Mahalakshmi Pavani, Senior Advocate, who had got the Nirbhaya case lawyers to apologize for their comments on India’s daughter and had earlier been the president of Supreme Court Women Lawyer’s Association, shared her insights with FE Online as follows:
“The matter is pending and will be considered before a Constitution Bench. There will be Class reservations based on economic and social backwardness, not religion. There are methods to evaluate the backwardness based on data that is being collected. The Parliament can bring Constitutional amendment and bring them under the Ninth Schedule which still can be challenged. Reservations for Minority can be done by the state, provided it is established they are backward. In Gujarat, this is a new Congress strategy for votes and to convey ‘we tried” but it is ultimately for the Parliament to make the Amendment.”
Now the political aspect of the Patidar reservation issue. And it does not need a detailed inquiry for a simple reason: Any new act of providing quota to a caste group cannot be just seen as a state-centric issue. It can have repercussions across the country.
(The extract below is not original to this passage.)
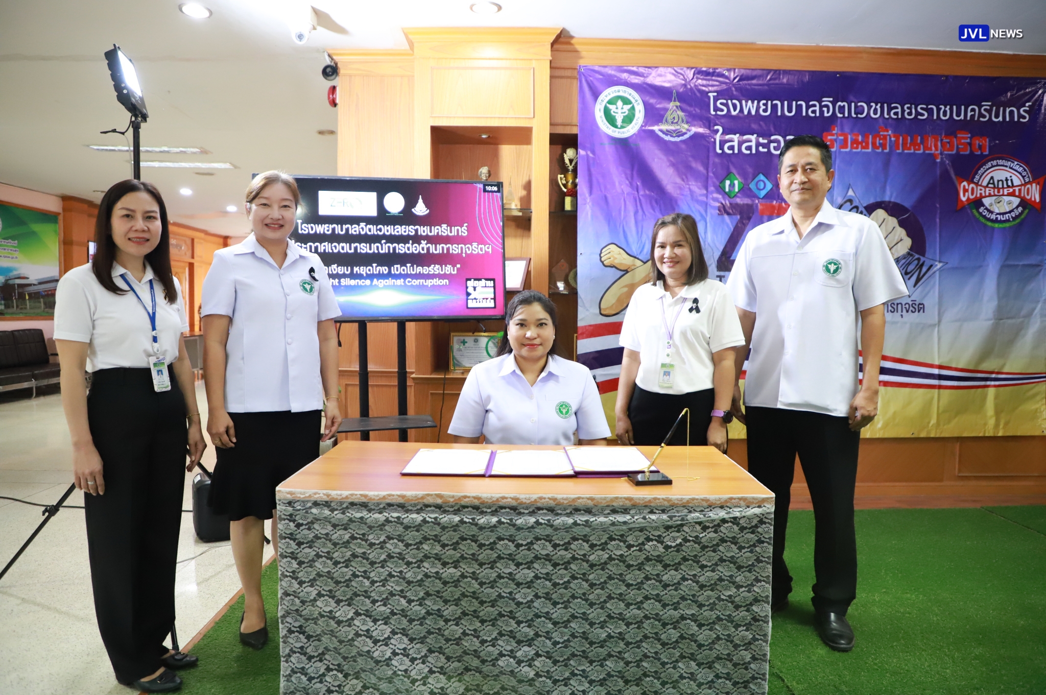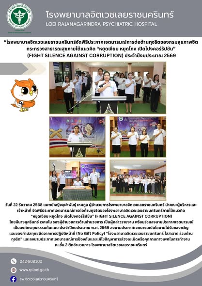 วันที่ 22 ธันวาคม 2568 แพทย์หญิงจุฬาพันธุ์ เหมกูล ผู้อำนวยการโรงพยาบาลจิตเวชเลยราชนครินทร์ นำคณะผู้บริหารและเจ้าหน้าที่ จัดพิธีประกาศเจตนารมณ์การต่อต้านทุจริตของโรงพยาบาลจิตเวชเลยราชนครินทร์ภายใต้แนวคิด“หยุดเงียบ หยุดโกง เปิดโปงคอร์รัปชัน” (FIGHT SILENCE AGAINST CORRUPTION) โดยมีนางบุศรินทร์ เวศมโน รองผู้อำนวยการด้านอำนวยการ เป็นผู้กล่าวรายงาน พร้อมร่วมลงนามประกาศเจตนารมณ์เป็นองค์กรคุณธรรมต้นแบบ ประจำปีงบประมาณ พ.ศ. 2569 ลงนามประกาศเจตนารมณ์นโยบายไม่รับของขวัญและของกำนัลทุกชนิดจากการปฏิบัติหน้าที่ (No Gift Policy) “โรงพยาบาลจิตเวชเลยราชนครินทร์ ใสสะอาด ร่วมต้านทุจริต” และลงนามประกาศเจตนารมณ์การป้องกันและแก้ไขปัญหาการล่วงละเมิดหรือคุกคามทางเพศในการทำงาน ณ ชั้น 2 ตึกอำนวยการ โรงพยาบาลจิตเวชเลยราชนครินทร์

Including a whole new caste, that too the one which is widely seen as a financially well-off community across the country, in the OBC category, or at par with it, for giving them reservation benefits can potentially trigger widespread protests all over India from similar castes who, like Patidars of Gujarat, continue to be on top of socio-economic hierarchy but also identify themselves as victims of the reservation system. No political party at present can muster the courage to trigger such protests. It will suicidal, for India itself.